WORK REQUEST
Would you restate the full listing word for word and omit its pictures?

DATA TO PROCESS

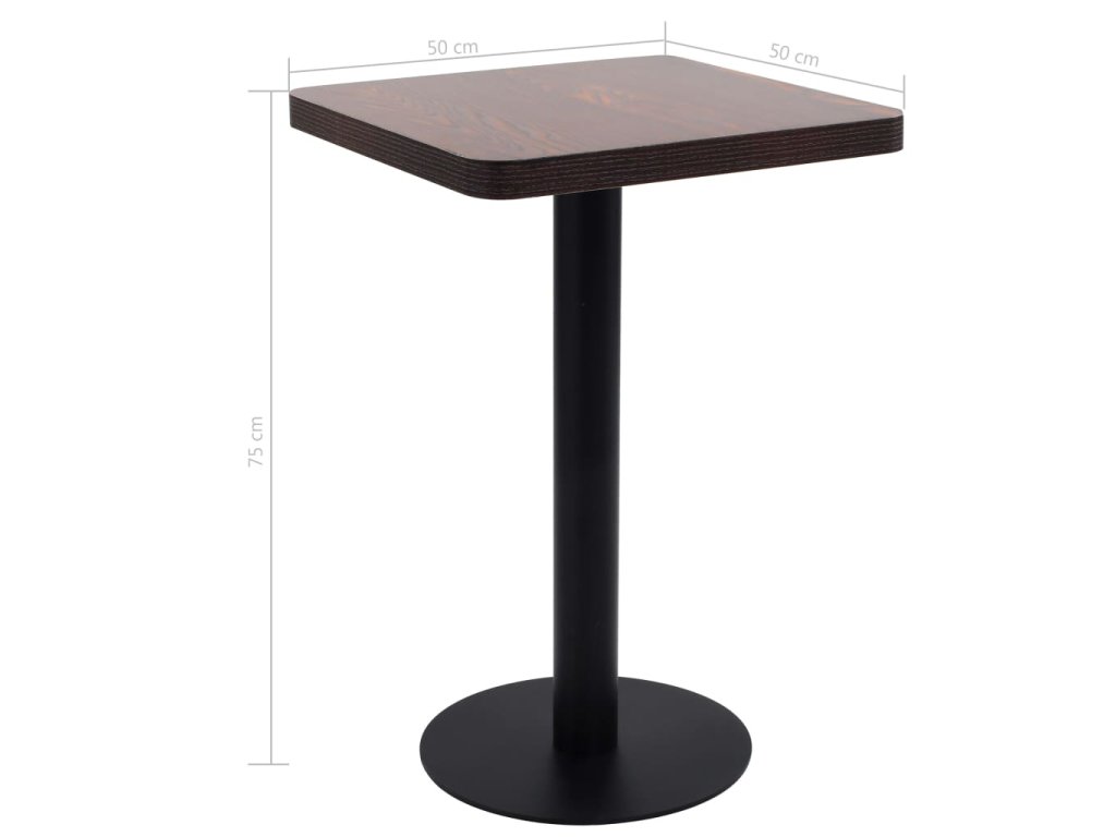 Horní deska stolu je vyrobená z MDF se vzorem dřevěné kresby a podpírá ji ocelová noha se základnou. Snadno ji očistíte vlhkým hadříkem. Stolek skvěle využijete jako samostatný kus nábytku ve svém bydlení, ale i v restauraci, kavárně nebo baru.
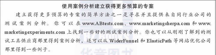 如果你无法在第一次尝试中说服高层管理人员,你可以尝试从外部顾问人员中获得帮助,让他们分析你的网站的潜在测试,并且让他们参与演示文稿的制作。高管人员常常更可能信任来自测试和优化公司的专家,而不是在这个项目中有既得利益的公司内部人员 。
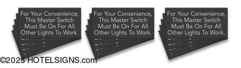 - Use to inform guests and staff members that the master switch must be on for other lights to work.
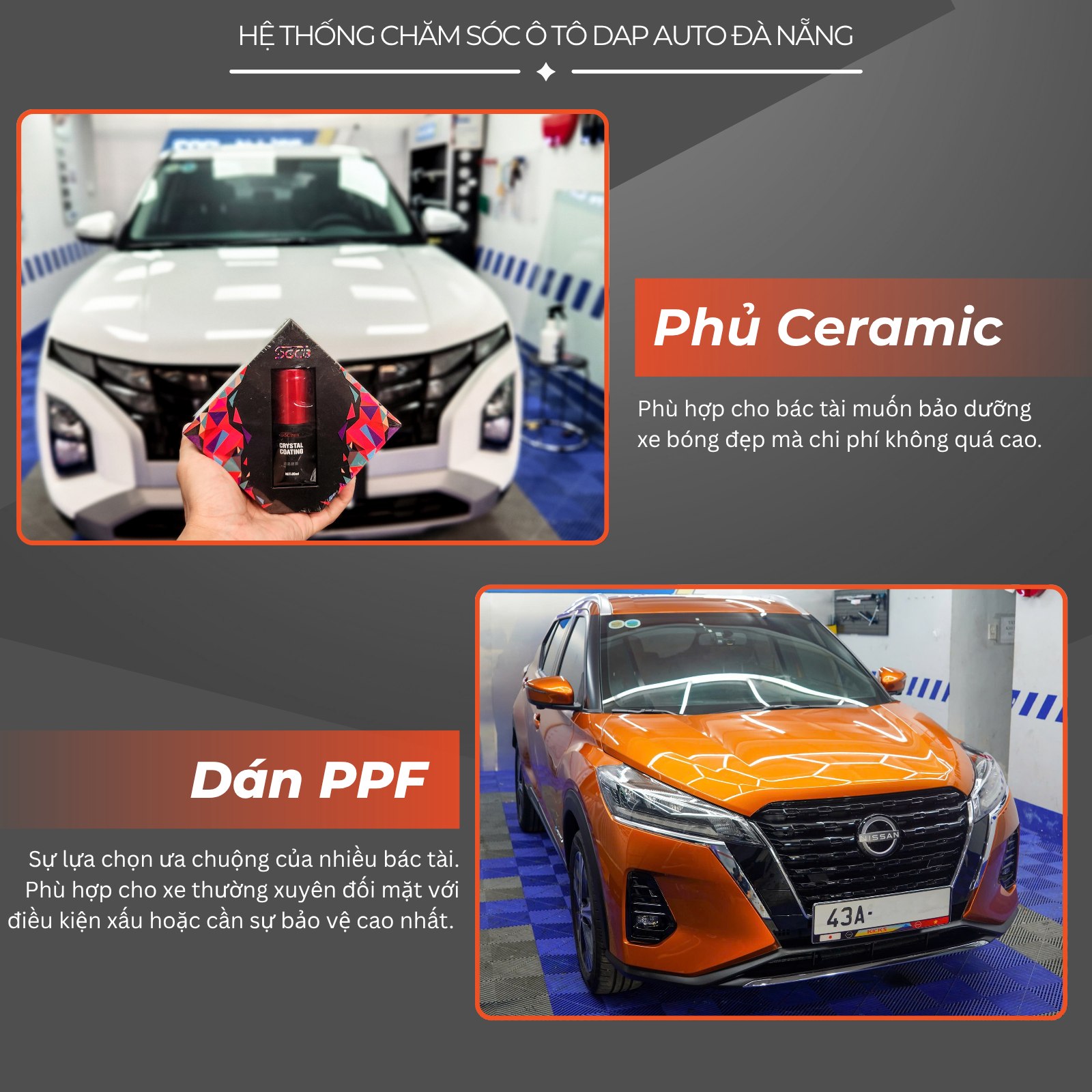 Trong bài viết này, các chuyên viên kỹ thuật của DAP Auto sẽ đặt lên bàn cân để so sánh phủ ceramic và dán PPF một cách chi tiết nhất, giúp các bác tài đưa ra lựa chọn tối ưu cho “xế cưng” của mình.
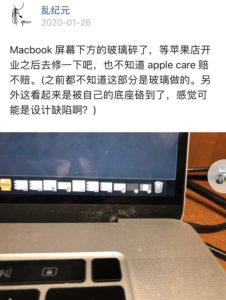 然后看到我apple care+还有800多天,说屏幕那个地方并不影响使用建议拿胶带贴一下,别让碎渣划了屏幕;键盘的那个问题可以到维修的地方问问,能不能找俩好的键帽换上。
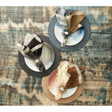 The ombre Dip Dye Napkins in gray and silver adds a subtle elegance to the linen napkin. They are hand dipped and dyed and accented with a metallic foil facing.
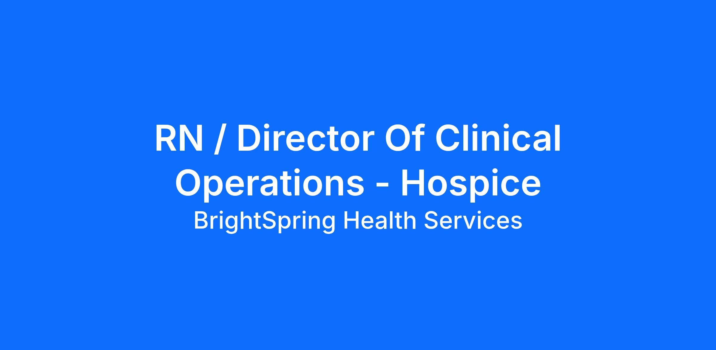 As a Director of Clinical Operations, You will:
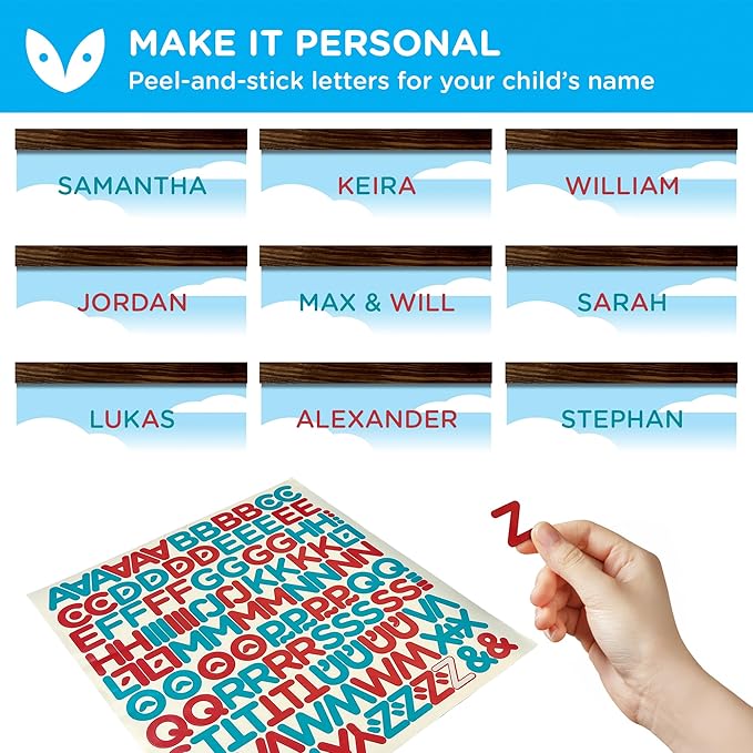 MAKE IT PERSONAL - Your child will love seeing their name on their favorite safari animals wall growth chart! Use our peel-and-stick decal letters to personalize your height tracker for kids.
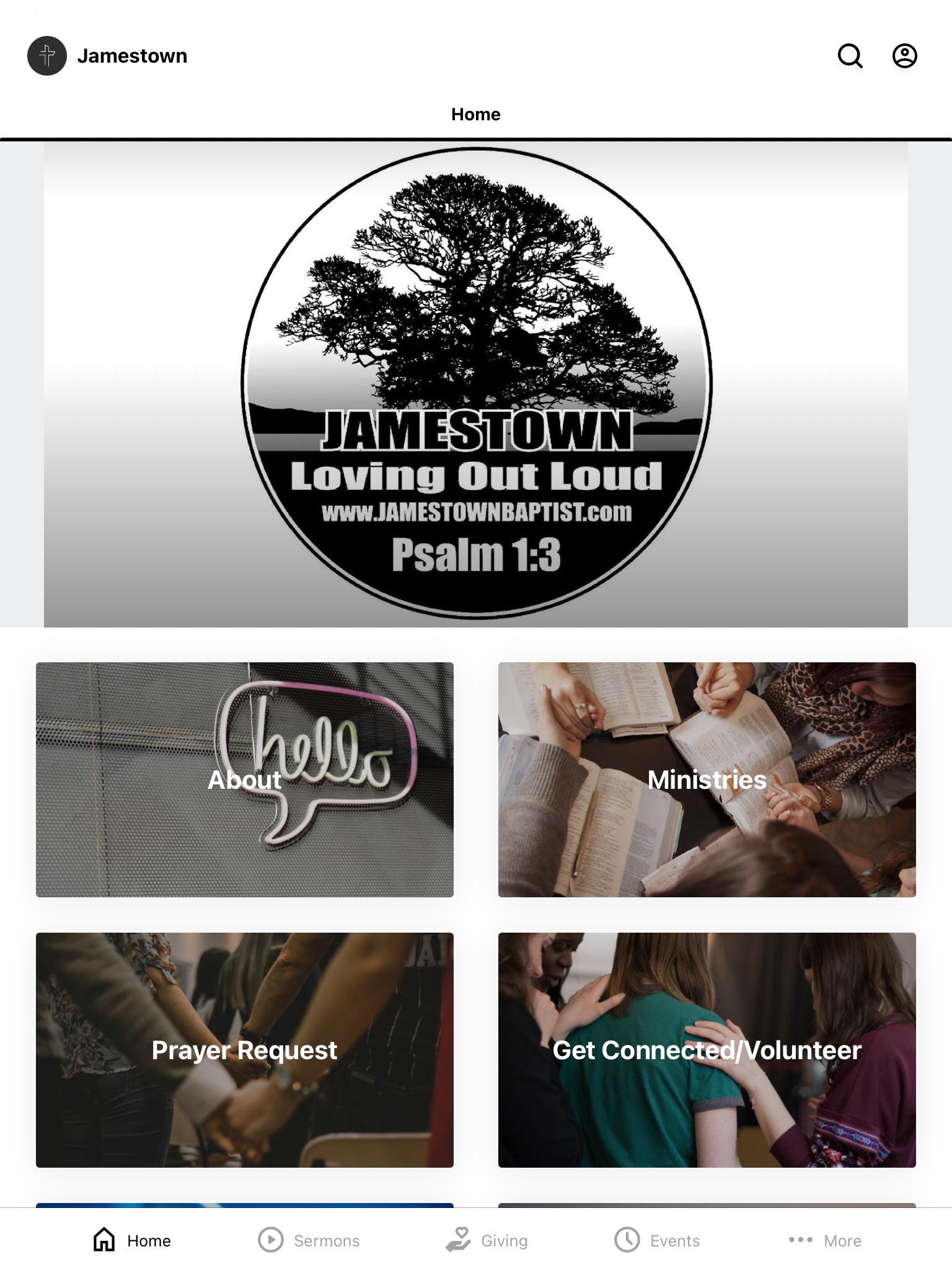 The Jamestown Baptist Church app will place everything we have to offer in the palm of your hand. This app will offer everything from sermons, podcasts, event calendars, bible, bible studies, small group sign up, and much more. Take us everywhere you go and never miss out on everything we have going on here. Our vision is to fulfill the great commission of spreading the gospel and making disciples, To walk together as we follow Jesus and minister to our community. This app will help us fulfill this vision by reaching beyond just the four walls of the church building.
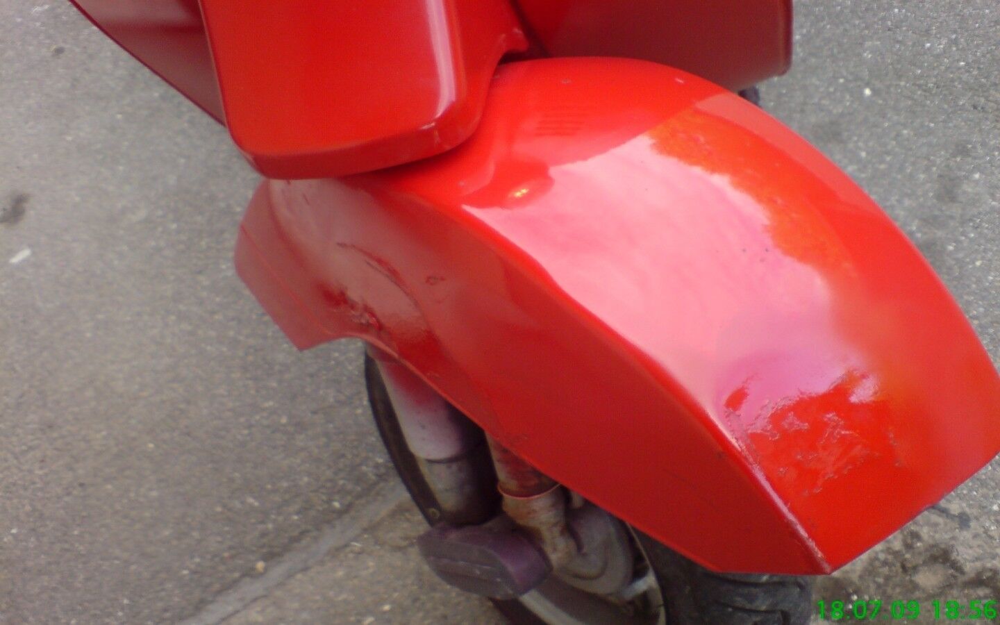 Beinschild war mal verbeult, ist wieder gerichtet, Schutzblech ist verbeult.
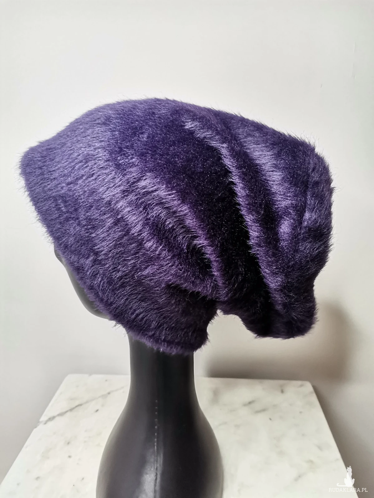Czapka fioletowa sztuczne futerko na podszewce rozmiar uniwersalny box f1
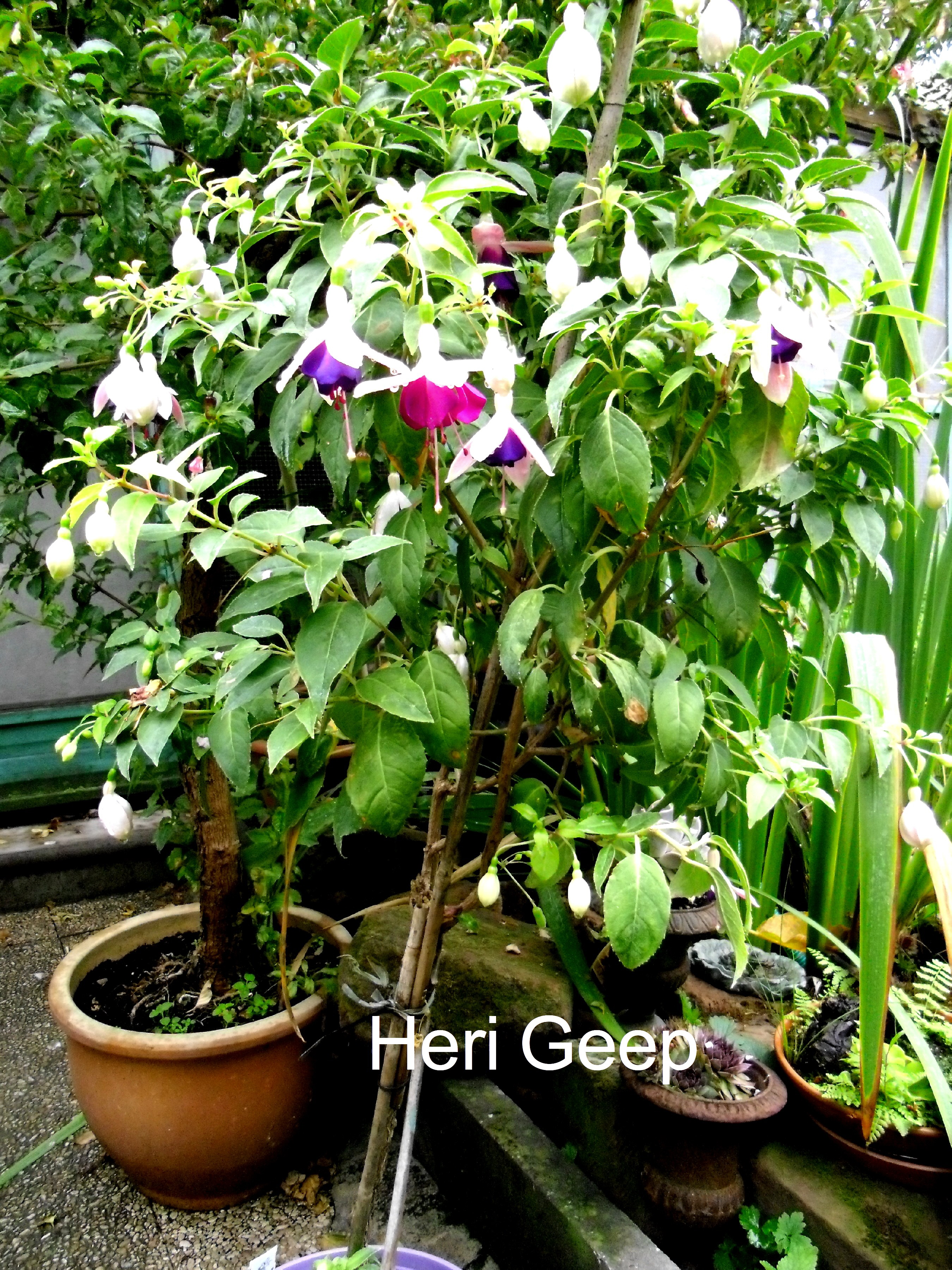 "HeRi Green" habe ich in all den Jahren noch nie gehört aber "HeRi Geep" habe ich schon sehr lange.Eine sehr robuste Sorte in klaren Farben Weiß/creme Die Petalen die Korolle ein dunkles lila zu weinrot verblühend eine recht große ungefüllte Blüte.In kurzer Zeit hat man einen Hochstamm und fast jeder Steckling bewurzelt.Früh und Dauerblühend eine Anfängerfuchsie.
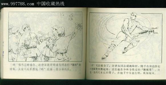 一天,轮到许世友和这个老兵一起值日。早晨刚起床,老兵就命令:“新兵蛋子,限你半个小时打扫完屋外,叠好全排的毯子,倒掉痰盂。”许世友忙前忙后,半个小时还没有完工。这时,老兵闲遛回来了。他张口就骂:“你这个狗日的干啥去了?为什么还没有干完?我日你的老祖宗!”许世友极为气愤,回骂道:“俺在干活,你去溜达。你要日人,就先日你祖宗吧!”老兵暴跳如雷。吼道:“你还敢骂俺!”他猛扑上去,扇了许世友六个耳光。许世友气上加恨,使劲踢了个“五花飞脚”,一下子踢到这个老兵的要命穴位处,这家伙便倒在地上,呜呼哀哉了!连长一看见许世友打死老兵,就带领官兵把他团团围住,下令说:“快把这个杀人犯捆绑起来送往团部,以军法严厉惩处。”好在许世友有个在步兵团二营当营长的舅父,他向团长说情才免了许世友一死。

TASK SOLUTION
 Horní deska stolu je vyrobená z MDF se vzorem dřevěné kresby a podpírá ji ocelová noha se základnou. Snadno ji očistíte vlhkým hadříkem. Stolek skvěle využijete jako samostatný kus nábytku ve svém bydlení, ale i v restauraci, kavárně nebo baru.
 如果你无法在第一次尝试中说服高层管理人员,你可以尝试从外部顾问人员中获得帮助,让他们分析你的网站的潜在测试,并且让他们参与演示文稿的制作。高管人员常常更可能信任来自测试和优化公司的专家,而不是在这个项目中有既得利益的公司内部人员 。
 - Use to inform guests and staff members that the master switch must be on for other lights to work.
 Trong bài viết này, các chuyên viên kỹ thuật của DAP Auto sẽ đặt lên bàn cân để so sánh phủ ceramic và dán PPF một cách chi tiết nhất, giúp các bác tài đưa ra lựa chọn tối ưu cho “xế cưng” của mình.
 然后看到我apple care+还有800多天,说屏幕那个地方并不影响使用建议拿胶带贴一下,别让碎渣划了屏幕;键盘的那个问题可以到维修的地方问问,能不能找俩好的键帽换上。
 The ombre Dip Dye Napkins in gray and silver adds a subtle elegance to the linen napkin. They are hand dipped and dyed and accented with a metallic foil facing.
 As a Director of Clinical Operations, You will:
 MAKE IT PERSONAL - Your child will love seeing their name on their favorite safari animals wall growth chart! Use our peel-and-stick decal letters to personalize your height tracker for kids.
 The Jamestown Baptist Church app will place everything we have to offer in the palm of your hand. This app will offer everything from sermons, podcasts, event calendars, bible, bible studies, small group sign up, and much more. Take us everywhere you go and never miss out on everything we have going on here. Our vision is to fulfill the great commission of spreading the gospel and making disciples, To walk together as we follow Jesus and minister to our community. This app will help us fulfill this vision by reaching beyond just the four walls of the church building.
 Beinschild war mal verbeult, ist wieder gerichtet, Schutzblech ist verbeult.
Czapka fioletowa sztuczne futerko na podszewce rozmiar uniwersalny box f1
 "HeRi Green" habe ich in all den Jahren noch nie gehört aber "HeRi Geep" habe ich schon sehr lange.Eine sehr robuste Sorte in klaren Farben Weiß/creme Die Petalen die Korolle ein dunkles lila zu weinrot verblühend eine recht große ungefüllte Blüte.In kurzer Zeit hat man einen Hochstamm und fast jeder Steckling bewurzelt.Früh und Dauerblühend eine Anfängerfuchsie.
 一天,轮到许世友和这个老兵一起值日。早晨刚起床,老兵就命令:“新兵蛋子,限你半个小时打扫完屋外,叠好全排的毯子,倒掉痰盂。”许世友忙前忙后,半个小时还没有完工。这时,老兵闲遛回来了。他张口就骂:“你这个狗日的干啥去了?为什么还没有干完?我日你的老祖宗!”许世友极为气愤,回骂道:“俺在干活,你去溜达。你要日人,就先日你祖宗吧!”老兵暴跳如雷。吼道:“你还敢骂俺!”他猛扑上去,扇了许世友六个耳光。许世友气上加恨,使劲踢了个“五花飞脚”,一下子踢到这个老兵的要命穴位处,这家伙便倒在地上,呜呼哀哉了!连长一看见许世友打死老兵,就带领官兵把他团团围住,下令说:“快把这个杀人犯捆绑起来送往团部,以军法严厉惩处。”好在许世友有个在步兵团二营当营长的舅父,他向团长说情才免了许世友一死。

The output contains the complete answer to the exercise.